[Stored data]

---*---

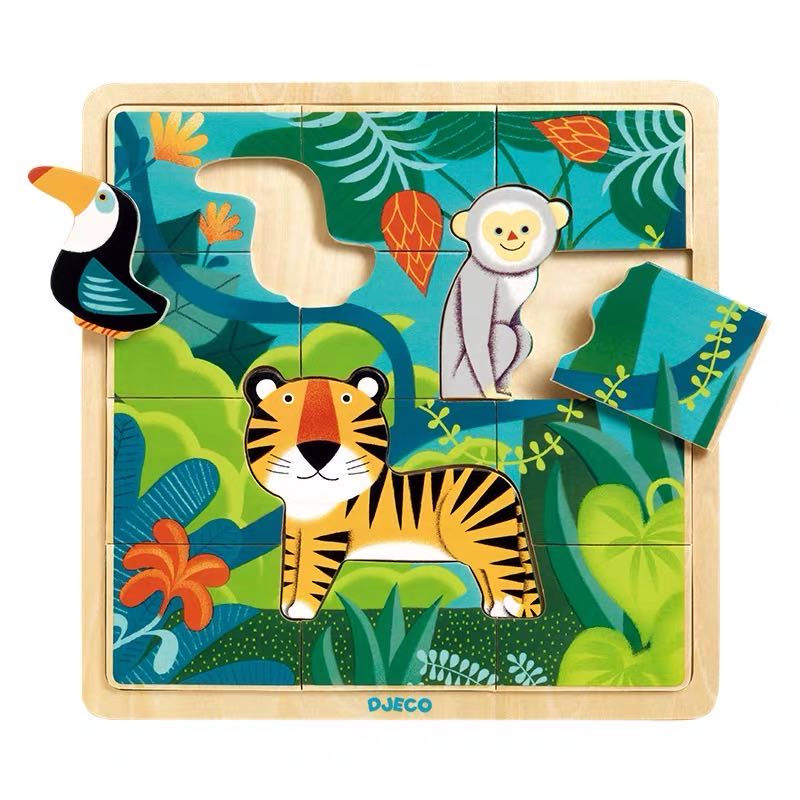 French Djeco Forest Animal Rainforest Children's Large Wooden Jigsaw Puzzle 3-5 Year Old Looking For A Box Puzzle Toy Baby
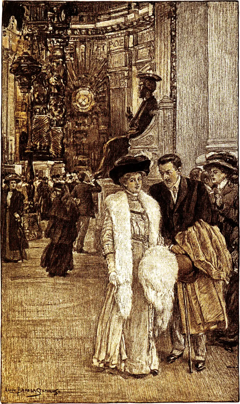They came to a chapel where the mass was being said, and stood among the crowd of those who stood and knelt outside the stone balustrade. Within the chapel sat the officiating priests, some of them with strong hard faces, some with weak sensual ones, and all of them looking bored. From their midst, as they dozed, or took snuff, or yawned behind their hands, came a mechanical chanting, a dry sound which seemed to proceed almost automatically. Anne wondered at such a spectacle, as existing presumably for the two-fold purpose of glorifying God and lifting the spirit of man towards Him, and again she wished to share her impression with the man beside her; but he had neither thoughts nor words for anything but her relation to himself. His voice came to her through the chanting:—
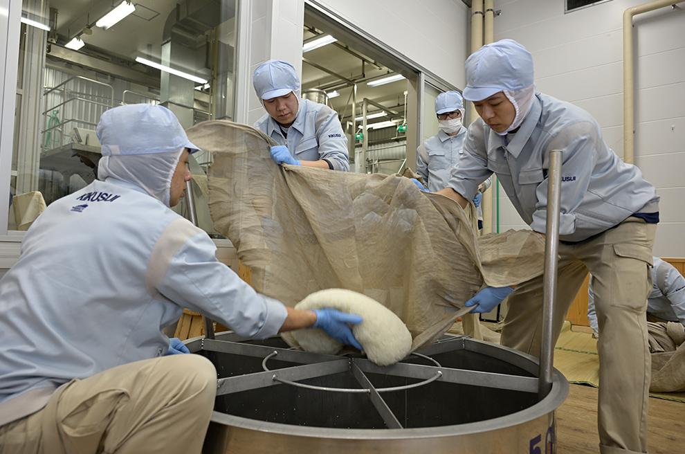 酒の出来を左右する大切な工程を、蔵人と一緒に行います。
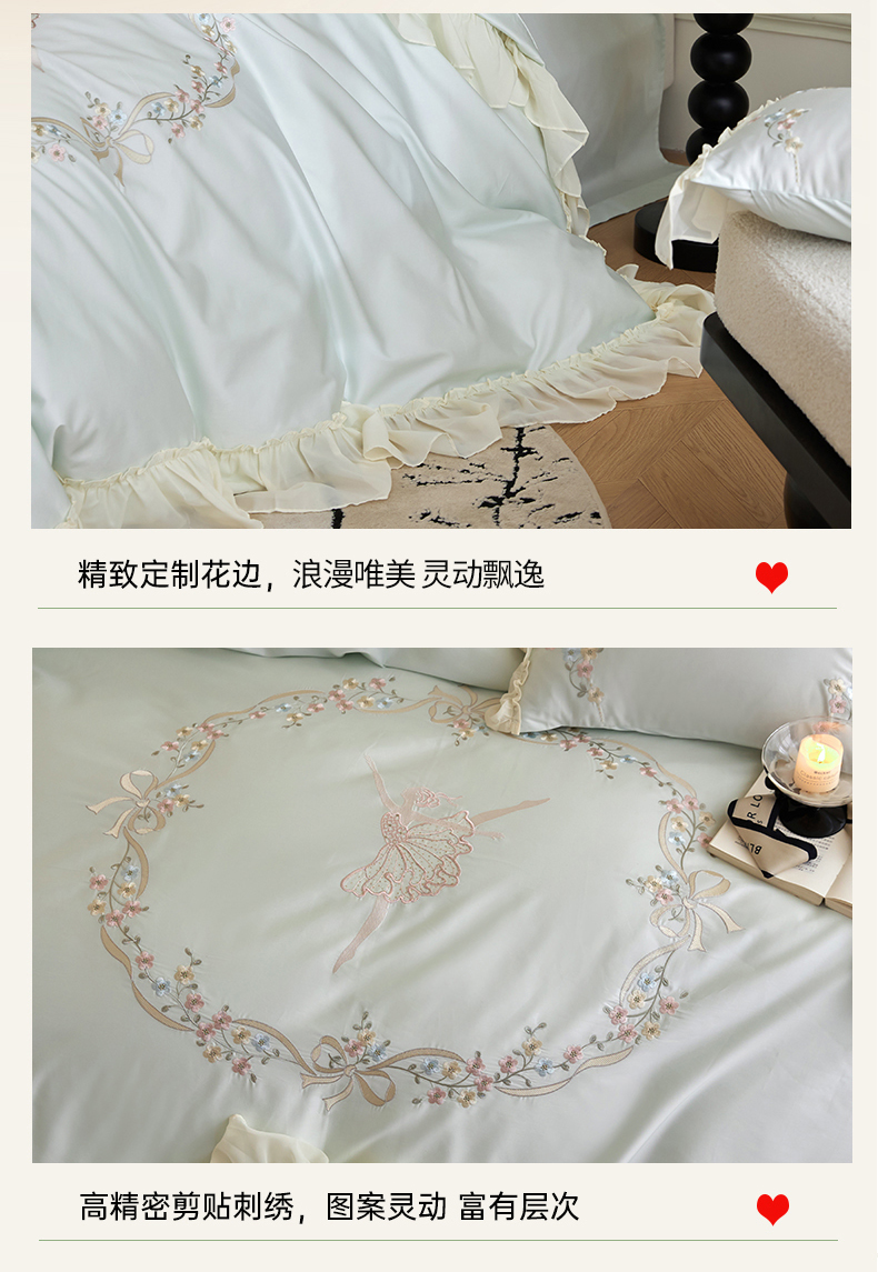 (总)嘉汀兰 2023新款60支全棉磨毛绣花撞色轻奢四件套—暮里,粉色,红灰色,芥绿色,浅灰色,深青色
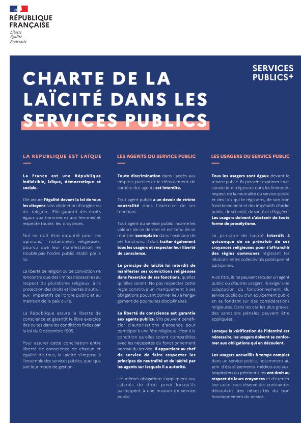 Vous trouverez-ici la charte de la laïcité dans les services publics :
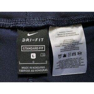 Elevate your workout wardrobe with these versatile Nike Dri-Fit shorts, designed to keep you comfortable and stylish during any activity. The dark blue hue is a timeless shade that pairs effortlessly with your favorite athletic tops, while the size large ensures a snug yet comfortable fit for a wide range of body types. The blended fabric construction provides the perfect balance of stretch and support, allowing for freedom of movement whether you're hitting the gym or the track.
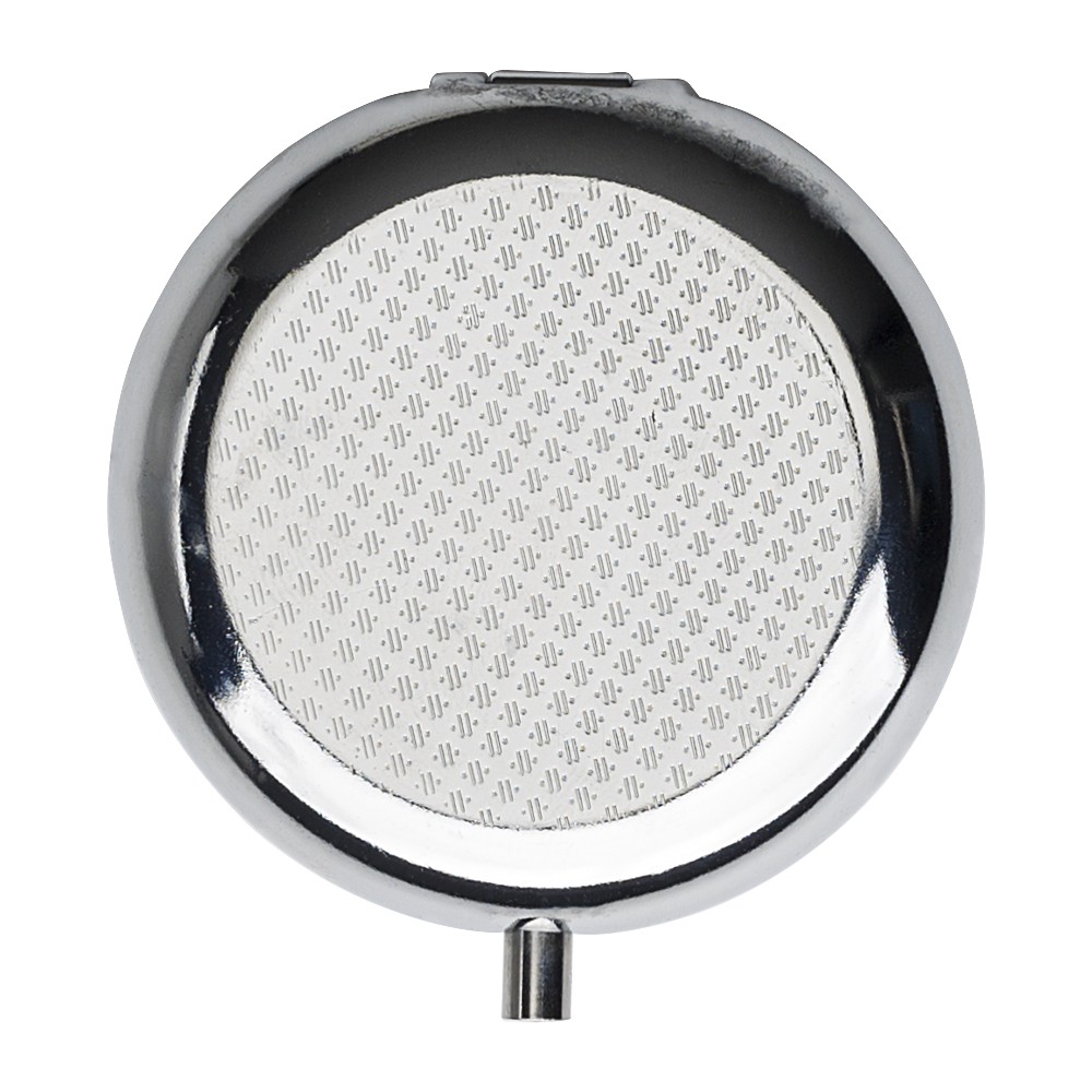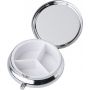 Fényes gyógyszeresdoboz 3 rekesszel. Belül PP műanyag. A fedél belsejében tükör található. Csomagolása: fehér doboz.
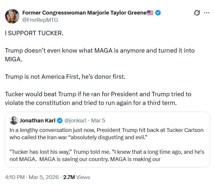 The Woke Right is a Woke fifth column working internally against America, MAGA, the (American) Republican Party, and the American conservative movement, which is the last anchor tethering our country to the Constitution, common sense, and reality. Whatever might be its primary sources of intention and energy—be those foreign influence, “Deep State,” Democrat, or an organic and opportunistic paleoconservative revolt, or some combination—being a fifth column in the Woke assault against American and the West is the role it certainly plays.

---*---

» **WORK TO BE COMPLETED**
Set down exactly the lines running from the beginning of the entries above to the line that contains "(总)嘉汀兰 2023新款6", including both, and leave out pictures.

» **WRITTEN ANSWER**
 French Djeco Forest Animal Rainforest Children's Large Wooden Jigsaw Puzzle 3-5 Year Old Looking For A Box Puzzle Toy Baby
They came to a chapel where the mass was being said, and stood among the crowd of those who stood and knelt outside the stone balustrade. Within the chapel sat the officiating priests, some of them with strong hard faces, some with weak sensual ones, and all of them looking bored. From their midst, as they dozed, or took snuff, or yawned behind their hands, came a mechanical chanting, a dry sound which seemed to proceed almost automatically. Anne wondered at such a spectacle, as existing presumably for the two-fold purpose of glorifying God and lifting the spirit of man towards Him, and again she wished to share her impression with the man beside her; but he had neither thoughts nor words for anything but her relation to himself. His voice came to her through the chanting:—
 酒の出来を左右する大切な工程を、蔵人と一緒に行います。
 (总)嘉汀兰 2023新款60支全棉磨毛绣花撞色轻奢四件套—暮里,粉色,红灰色,芥绿色,浅灰色,深青色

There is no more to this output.